The Fleet Street Murders | |
Author: | Charles Finch |
Language: | English |
Series: | Charles Lenox series |
Genre: | Mystery, crime novel |
Publisher: | St. Martin’s Press |
Pub Date: | November 10, 2009 |
Pages: | 320 (first edition, hardcover) |
Isbn: | 978-0-312-56551-0 |
Preceded By: | The September Society |
Followed By: | A Stranger in Mayfair |
The Fleet Street Murders, by Charles Finch, is the mystery set in London and in northern England in 1867 during the Victorian era. It is the third novel in the Charles Lenox series.
While gentleman and amateur detective Charles Lenox is celebrating his engagement to his best friend and neighbor Lady Jane Grey, two journalists are murdered simultaneously across London. Lenox starts to involve himself in this strange case despite hostility from Scotland Yard, but soon must leave it behind to travel to Stirrington, in northern England, where he is running for a seat in Parliament. Once at Stirrington, he has to overcome local suspicion of an outsider, and faces a shock when Lady Jane sends him a letter casting doubt on their upcoming marriage. Meanwhile in London, the police have arrested two unlikely suspects. Lenox races back and forth between London and Stirrington to solve the crime, face the results of the election, and save his imperiled engagement. In the process, he discovers that the culprit is an old nemesis.
The Fleet Street Murders was nominated for the Nero Award in 2010.[1]
The Fleet Street Murders was first published in hardcover by St. Martin’s Minotaur and released on November 10, 2009.[2] A large print edition was published by Center Point Publishing on December 1, 2009.[3] The trade paperback was released on July 20, 2010.

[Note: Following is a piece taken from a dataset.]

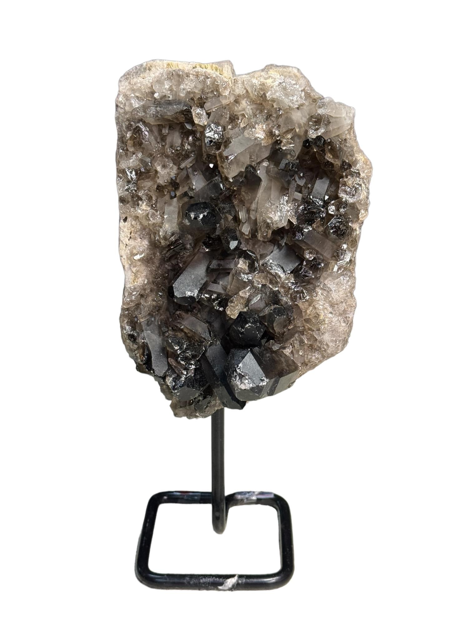 SoldAmethyst and Agate Cluster with Smoky Quartz on StandAmethyst and agate cluster with smoky quartz on black metal stand. 9.5" x 4.75" x 3.25". 5.4 pounds.See Sold Price

Finch received favorable reviews in several major newspapers. Marilyn Stasio of the New York Times called The Fleet Street Murders "a beguiling Victorian mystery [with] an amiable gentleman sleuth cut from the same fine English broadcloth as Dorothy L. Sayers’s Lord Peter Wimsey."[4] The Richmond Times-Dispatch praised the book, saying that "this third entry in Finch’s series shows the author at his confident best, with a well-conceived story [and] an honorable and amiable hero."[5]